Each year, school district leaders take on an annual task: stretching their budget to fit all their schools’ needs. Technology departments are no exception to being asked to do more with less, but there are some changes you can make to reduce your department’s expenses over time. These are not instant ways to cut costs, but rather operational changes that allow your department to be more efficient.
Standardize on Hardware and Software
If you are able to standardize on a hardware manufacturer, you should be able to cut your long-term expenses. By standardizing, you have cut down your own workload when preparing machines for service. You need only one Web site to download the latest firmware and drivers. You also have only one vendor to call when warranty issues arise.
Purchase a drive imaging product
Let’s face it: Most of us spend our summers loading software onto new machines, then taking the old machines out of service or repurposing them. Both of these tasks are labor-intensive and could really benefit from a drive imaging, or cloning, utility. Some software-based imaging products will allow you to broadcast your image over the network to the machines that need to be reconfigured or that need to receive their initial configuration. Typically, you would spend quite a bit of time building your master image from a machine of similar hardware. Once that image is built, you will probably have to run some OS-specific commands to prepare it for cloning. At that point, you can capture your new master image. Hardware solutions, such as a drive duplicator, have you attach the master image to the source connector, and the other hard drives to the destination connectors. Most times, you can clone a drive in less than 30 minutes with a hard drive duplicator.
Systems management solutions allow you to install software (sometimes even a new operating system) on managed machines over the network. You can also inventory assets, update patches, remotely control a PC and even use Wake-On-LAN technology. This could mean no more running around the building with a CD doing installations all day long. Once your management system is up and running, it will have to discover your network and all of your computers. Often it needs to push an agent to them as well (but should do so without much administrator intervention). Systems management solutions often require a significant initial investment to get started, but can pay dividends long-term.
Terminal Server Products
Using terminal server systems can significantly reduce an IT department’s workload and budget if configured properly. Often times, existing hardware can be used for the end user, but some organizations may prefer to purchase new thin-client computers. Many thin clients sell for half the cost of a traditional computer. Management of thin-client devices is minimal once they are configured, as nothing is stored on them besides enough software to connect to the terminal server. All management is done on the server and thus is centralized.

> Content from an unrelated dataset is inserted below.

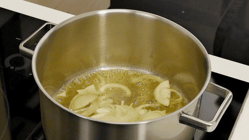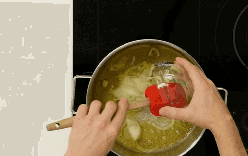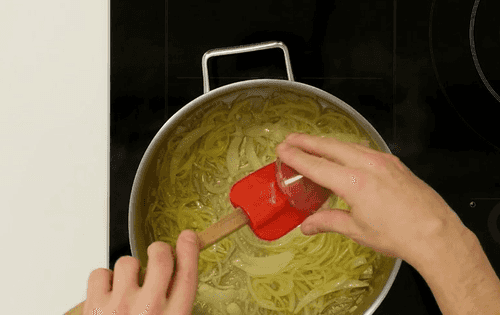 В сотейнике разогреть сливочное и оливковое масло. Обжарить лук, нарезанный тонкой соломкой, до момента, когда он станет прозрачным.

More times than not, IT departments in schools are understaffed and overworked. However, it is difficult to hire a full-time employee because of benefits and salary. Consider working with a local IT consulting company that could send a technician to your district one or two days per week to help you out. It’s often easier to hire a consultant rather than a full-time employee because there are no long-term commitments.
Volunteers and donations
Your district may have some parents who are skilled IT workers, and may consider volunteering with you. It may require that you work some weekends to meet their schedule, but free labor is hard to pass up. Donations go right along with volunteers, and you may be surprised what local companies are willing to donate to your district. Before accepting any donations, make sure they are not going to cost more money to use than they are worth. For example, a used server that doesn’t boot may cost more to repair than buy new.
The bottom line is that time is money. Many IT personnel simply look at the sticker price of equipment and services, but don’t take into account that spending another $1,000 today may save several hundred hours down the road. When shopping for solutions, make sure they are going to be easy to implement and maintain. We have all seen some really great products out there that don’t cost much money, but require significant time investments before they work properly. Most of the topics covered will not slash your IT spending but, used together, can certainly add up to big savings.
Open-Source Grows Up
Over the past few years, open-source software has really made inroads into technology departments. In the past it has been viewed as a geek-only option, but teachers are discovering more open-source solutions for specific problems. For example, many of us have heard math teachers complain they can’t find a good graphing calculator program for their computers. GraphCalc (sourceforge.net/projects/gcalc) is a free graphing calculator that would help any high school math teacher or student.
The same goes for course management systems. Moodle (www.moodle.org) was specifically created for education institutions that can’t afford other solutions. Moodle started out with a cult following, but recently has enjoyed a larger installation base.